La puerta de tu despacho está cerrada. Te extraña. Tú nunca la cierras y no recuerdas haberlo hecho cuando saliste. De todas formas, decides no darle importancia e intentas abrirla. No puedes. Pasa lo mismo que ocurría con la centralita. La mano resbala en el pomo y no ocurre nada. Oyes voces. Voces dentro. Hay alguien, te dices. Pero el vinilo no te deja ver. No ves nada. Te pones de puntillas y te asomas. Ves a una mujer sentada en tu mesa, con la cara vuelta hacia la pantalla del portátil. No la reconoces. Es cierto que no se la ve bien, pero no te suena. ¿Qué hace esa persona sentada en tu sitio? Mientras te lo preguntas, ves venir a lo lejos a José, el informático, con paso decidido. Piensas que él sí te ha visto. Tiene que haberte visto, porque viene sonriendo. Y de pronto lo ves. Lo ves. Allí está. En su mano. Es el móvil. Tu móvil. No te cabe la menor duda. Casi puedes sentir su peso en tu mano, los contornos suaves, las curvas de sus esquinas. Es tu móvil. Sientes una alegría que no recordabas. ¡Por fin! Ahí está. Seguro que ya se arregla todo. Vas hacia José, pero, cuando llegas a su altura pasa a tu lado sin decirte nada, sin verte, sin rozarte, a pesar de lo estrecho que es el pasillo. Te das la vuelta y le ves entrar en tu despacho, en el despacho en el que ahora hay una chica rubia que no conoces.
José llama a la puerta y una voz chillona que no reconoces le dice que puede pasar. Te acercas para escuchar la conversación.
- Hola Tina. Aquí lo tienes. Es el móvil de tu antecesor. Ya está formateado. – Y ves cómo se lo entrega. A ella. Tu móvil.

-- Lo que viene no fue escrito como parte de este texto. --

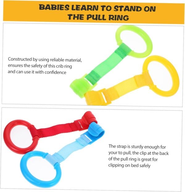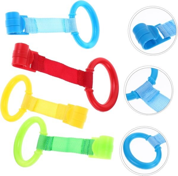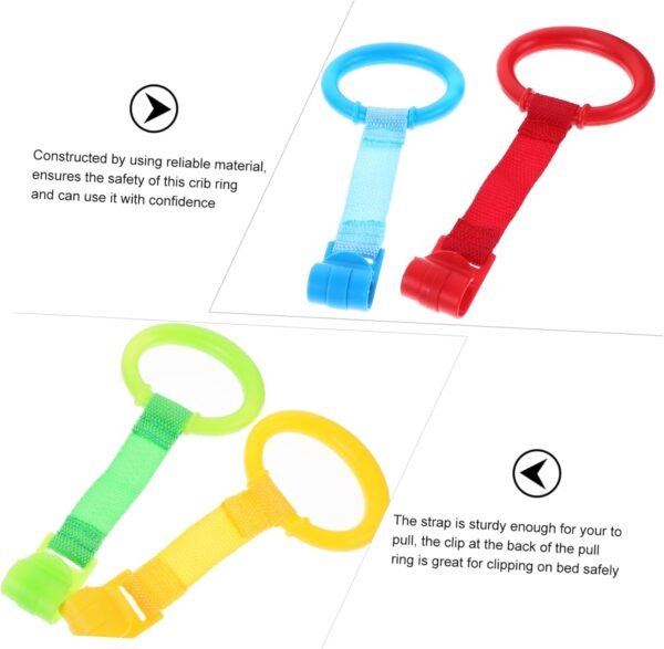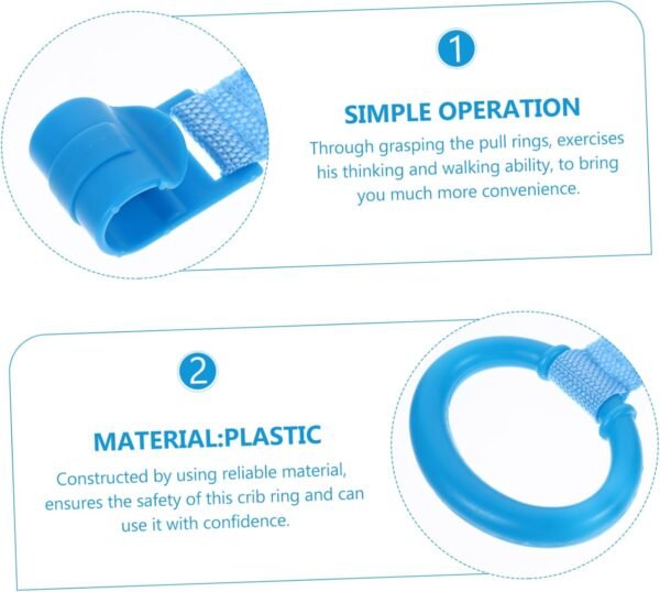 These pull rings are ideal for playpens and beds, promoting confidence in standing and walking independently. No screws or tools are needed—simply clip the rings onto your play space for easy access. Their lightweight and compact design ensures portability, making them perfect for travel.

Y está formateado. ¿Dónde habrán quedado entonces tus fotos, tus correos, tus mensajes….? La angustia te oprime el pecho. Ya no tienes ganas de vomitar. Ahora sientes que te ahogas. Oyes voces que no distingues, hasta que la voz chillona se hace fuerte entre las demás y dice:
- Oye, José, creo que te has dejado algo- Tiene otra SIM aquí. ¿Cuál es la mía?
- ¿A ver? – Pregunta José. – Anda, pero si debe ser una SIM personal de Javier. No me lo creo. ¿Y no se la llevó?
Quieres gritar. Gritarles. Decirles que estás allí. Que no toquen tu SIM. Que te la devuelvan. Con todos tus datos, con tu tarjeta sanitaria, con tu APP del Banco, con las fotos de la boda de tu primo, con los mensajes de ella…
- ¿Estás seguro de que es de él? – Cuestiona la voz chillona.
- Pues la verdad es que no. Voy a ver si le llamo y le pregunto. No, mejor pregunto a Dennis, a ver qué me dice. – Y le oyes intercambiar frases con el chico nuevo de su equipo. – ¿De verdad?, ¿se llevó todo? Vale, pues entonces formateamos también esta. Vale. Te la bajo. –
No. Van a formatear la otra tarjeta. Y todo desaparecerá. Desaparecerán tus recuerdos de las vacaciones. Las fotos de la graduación de tu hijo, los documentos que acumulas y que no tienes en ningún otro sitio, las fotos de ella… Quieres gritar, gritar, pero no puedes. Sigues allí. En medio del pasillo. Sin que nadie te vea. Sin que nadie te oiga. Siendo menos que una sombra y sabiendo que todo, todo, se está perdiendo. Que te quedaste sin móvil y tu vida estaba en él y ahora, ahora ya no queda nada… Pero te equivocas. O al menos te equivocabas. Porque aun tienes las memorias y los archivos de vida de tu tarjeta personal… Lo que te permite seguir sintiendo. Sintiendo esa angustia, esa opresión en el pecho, esa sensación de caída libre…
Hasta que Dennis coge la tarjeta y la formatea.
Y tu vida se borra por completo.
La vida misma…, exagerada, pero la vida misma
Es verdad. Cada vez que perdemos el móvil de vista, nos entra el pánico. Muy real
Un relato en segunda persona con el que es fácil identificarse. Transmites muy bien el agobio y la desesperación de este personaje que, una vez perdido el móvil, está muerto. Me ha gustado mucho, Pepa.